**Task**
All pictures are to be excluded when the data below is output verbatim.

Stored entries

• • • • •

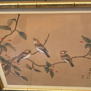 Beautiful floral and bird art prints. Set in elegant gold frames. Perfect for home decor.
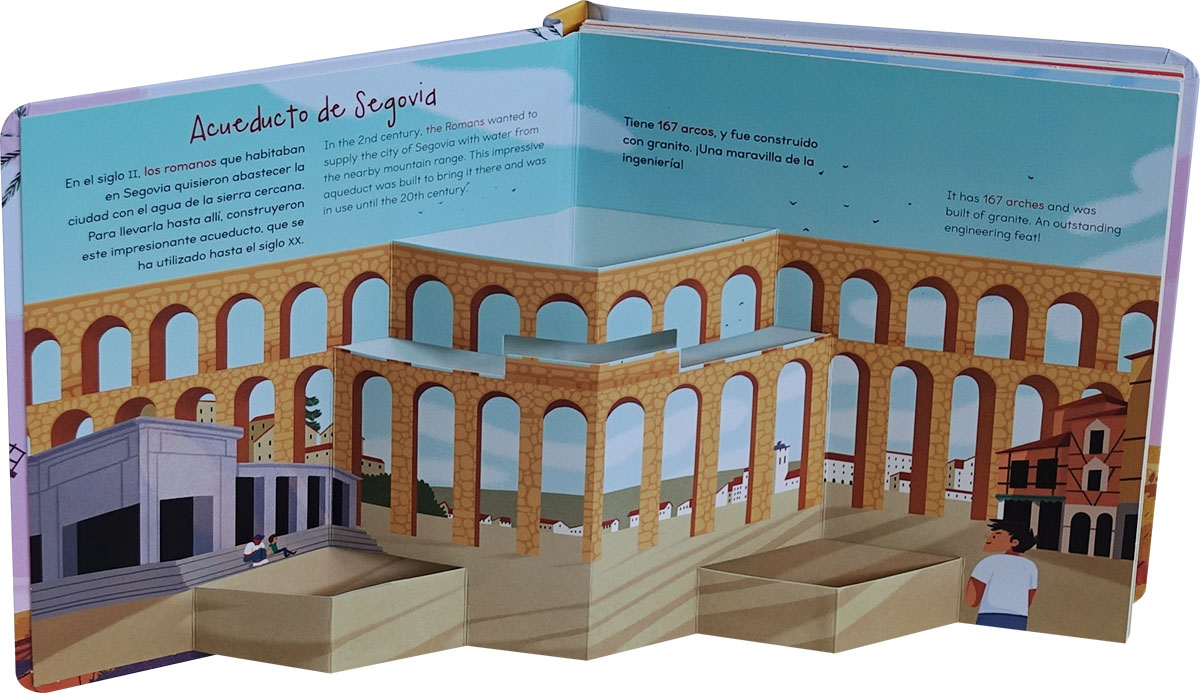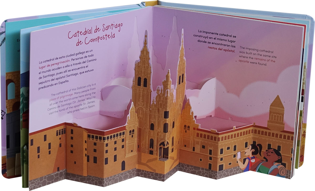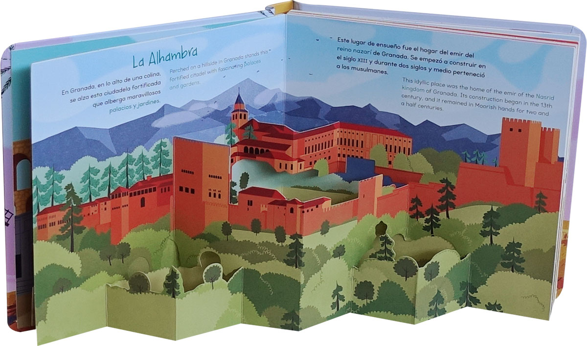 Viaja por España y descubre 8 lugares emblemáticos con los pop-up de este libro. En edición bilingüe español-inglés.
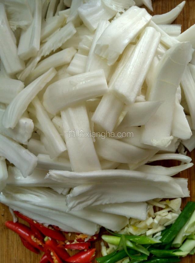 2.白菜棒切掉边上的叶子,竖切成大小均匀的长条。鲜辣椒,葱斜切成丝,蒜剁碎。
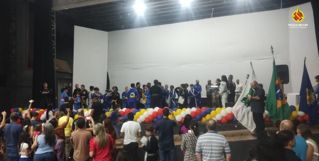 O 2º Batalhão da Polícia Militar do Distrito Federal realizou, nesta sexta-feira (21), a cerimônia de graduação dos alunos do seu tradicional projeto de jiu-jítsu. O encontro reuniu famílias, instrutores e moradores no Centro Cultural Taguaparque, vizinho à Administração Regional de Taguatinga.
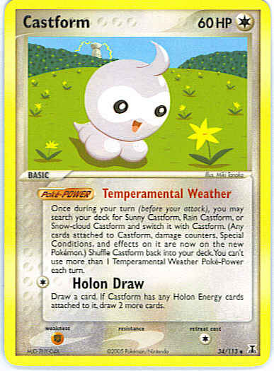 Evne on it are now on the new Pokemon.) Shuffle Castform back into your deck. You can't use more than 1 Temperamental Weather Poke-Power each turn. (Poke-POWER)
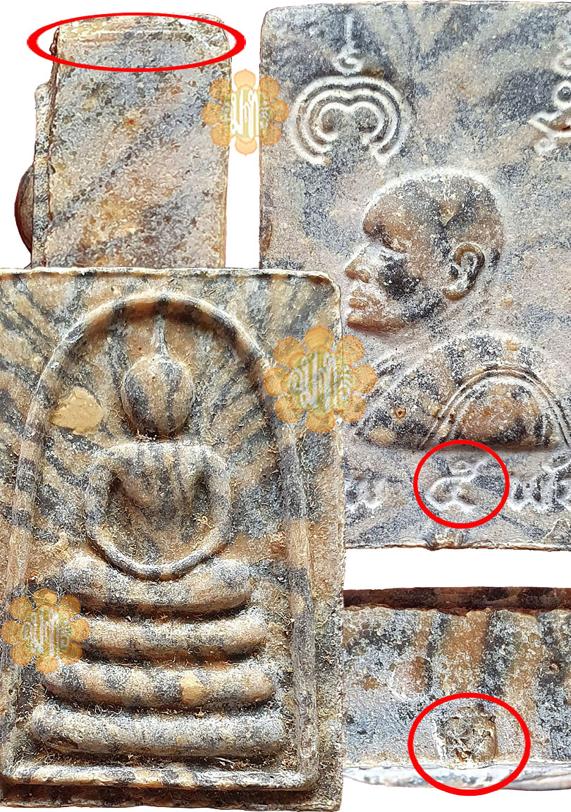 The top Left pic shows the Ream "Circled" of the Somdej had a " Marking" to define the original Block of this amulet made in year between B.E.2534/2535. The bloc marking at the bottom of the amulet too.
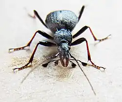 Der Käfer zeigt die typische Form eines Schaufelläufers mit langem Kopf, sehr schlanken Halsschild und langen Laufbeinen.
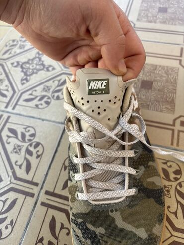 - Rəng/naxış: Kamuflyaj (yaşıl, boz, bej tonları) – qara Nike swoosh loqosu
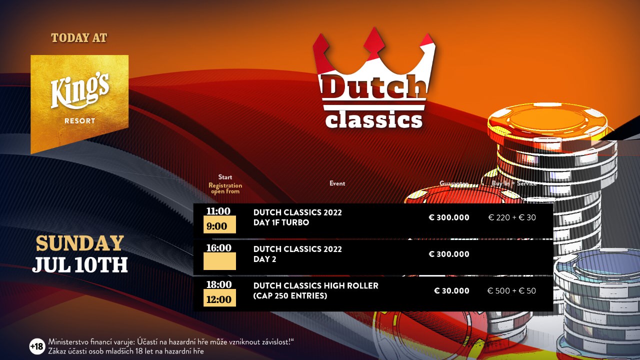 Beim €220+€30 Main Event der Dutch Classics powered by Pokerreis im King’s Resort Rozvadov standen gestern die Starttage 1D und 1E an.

• • • • •

**Response for this exercise**
 Beautiful floral and bird art prints. Set in elegant gold frames. Perfect for home decor.
 Viaja por España y descubre 8 lugares emblemáticos con los pop-up de este libro. En edición bilingüe español-inglés.
 2.白菜棒切掉边上的叶子,竖切成大小均匀的长条。鲜辣椒,葱斜切成丝,蒜剁碎。
 O 2º Batalhão da Polícia Militar do Distrito Federal realizou, nesta sexta-feira (21), a cerimônia de graduação dos alunos do seu tradicional projeto de jiu-jítsu. O encontro reuniu famílias, instrutores e moradores no Centro Cultural Taguaparque, vizinho à Administração Regional de Taguatinga.
 Evne on it are now on the new Pokemon.) Shuffle Castform back into your deck. You can't use more than 1 Temperamental Weather Poke-Power each turn. (Poke-POWER)
 The top Left pic shows the Ream "Circled" of the Somdej had a " Marking" to define the original Block of this amulet made in year between B.E.2534/2535. The bloc marking at the bottom of the amulet too.
 Der Käfer zeigt die typische Form eines Schaufelläufers mit langem Kopf, sehr schlanken Halsschild und langen Laufbeinen.
 - Rəng/naxış: Kamuflyaj (yaşıl, boz, bej tonları) – qara Nike swoosh loqosu
 Beim €220+€30 Main Event der Dutch Classics powered by Pokerreis im King’s Resort Rozvadov standen gestern die Starttage 1D und 1E an.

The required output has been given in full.